An analysis and summary of the accident of Suning store

Source: Internet
Author: User

Turn Java 3 years, remember a recent pit;

Near 818, Suning store online app made a second kill activity, backstage service appeared abnormal.

Activity is Friday 10 o'clock, received a system of alarm SMS, colleagues started in the company bean sprouts (suning internal communication tools) feedback some users to order failure;

In the monitoring instrument panel can also see the traffic began to soar, while the response time began to grow, the middle-price system began to error, leading to the subsequent interface system error.

Go to the log platform to see the price system interface calls. We can see the interface response time is slowly slow, and finally began to appear the error phenomenon. To check the error message Timeout error.

Look at the call details of the long-time interface, you can see that the price system interface has begun to appear backlog, the subsequent interface needs to wait for the previous interface processing completed before processing, so the interface time-consuming is also growing. Looking at the next code logic just reads the data from Redis, what should be done in a matter of milliseconds so slow as to cause a backlog? Is there a problem with Redis?

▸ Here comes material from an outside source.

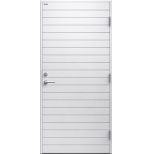 Ingela tät är en ytterdörr i modern stil med spårfräst dekor i form av liggande panel. Finns i ek, konstteak eller kulör. Insidan är slät, men går att få dekorerad som utsidan. Dörr och karm levereras vit NCS S 0502-Y som standard.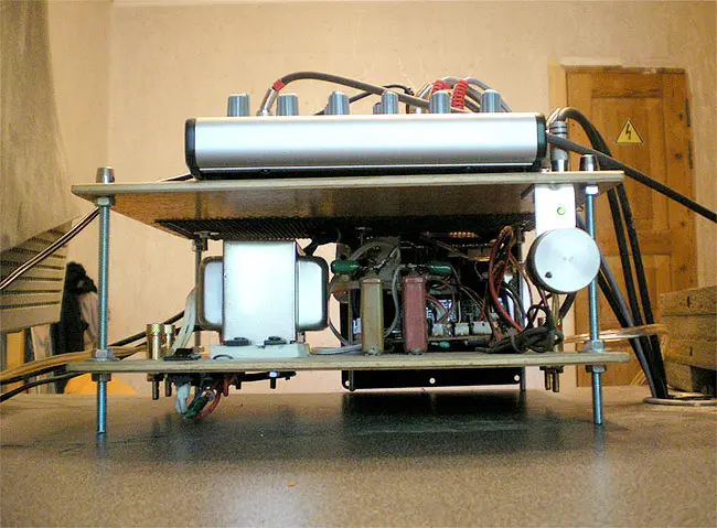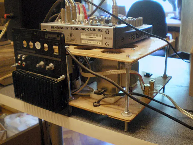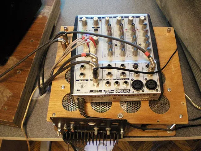 Обнаружив, что ручки тембров у меня всегда стоят в 0, я пустил сигнал с микшера напрямую на оконечник, и фееричная ручка громкости на усилителе осталась не при делах. Под трансформатором проделано пятисантиметровое отверстие, чтобы не было ему жарко, а сам он закреплен через сантиметровой толщины пенополиэтилен и резиновые прокладки. Гудит он немного. А при таком креплении этого не слышно. Вообще.

Really, the original price system is a set of Redis [two groups (one master and two slave)] shared with the master Data system.

The images are posted with two main libraries with 72w and 62w of pressure respectively. Memory usage is also high.

Two sets of Redis were applied independently for the price system, and the night was released overnight (bitter force).

That night after the upgrade, did a sub-test, the price interface can support peak 70w times/minute call, this Friday activity from the dashboard is also seen a little loose pressure. (0MS is because the dashboard is accurate to Ms rounding)

Summarize

1. The system pressure is not evaluated according to the number of activities, resulting in an accident. When doing activities, products and operations should anticipate the number of active people and develop communication, development should be the current system can support such traffic has a cognition can not take for granted, if not sure can contact the test to do stress test. It is clear that the accident did not do the relevant work.

2. There is no downgrade program to fuse or downgrade the service, resulting in a direct error in the front desk system.

If you see here, then please long press the QR code, follow me, grow together! (Do not send the book regularly!)

Contact Us

The content source of this page is from Internet, which doesn't represent Alibaba Cloud's opinion; products and services mentioned on that page don't have any relationship with Alibaba Cloud. If the content of the page makes you feel confusing, please write us an email, we will handle the problem within 5 days after receiving your email.

If you find any instances of plagiarism from the community, please send an email to: info-contact@alibabacloud.com and provide relevant evidence. A staff member will contact you within 5 working days.

A Free Trial That Lets You Build Big!

Start building with 50+ products and up to 12 months usage for Elastic Compute Service

  • Sales Support

    1 on 1 presale consultation

  • After-Sales Support

    24/7 Technical Support 6 Free Tickets per Quarter Faster Response

  • Alibaba Cloud offers highly flexible support services tailored to meet your exact needs.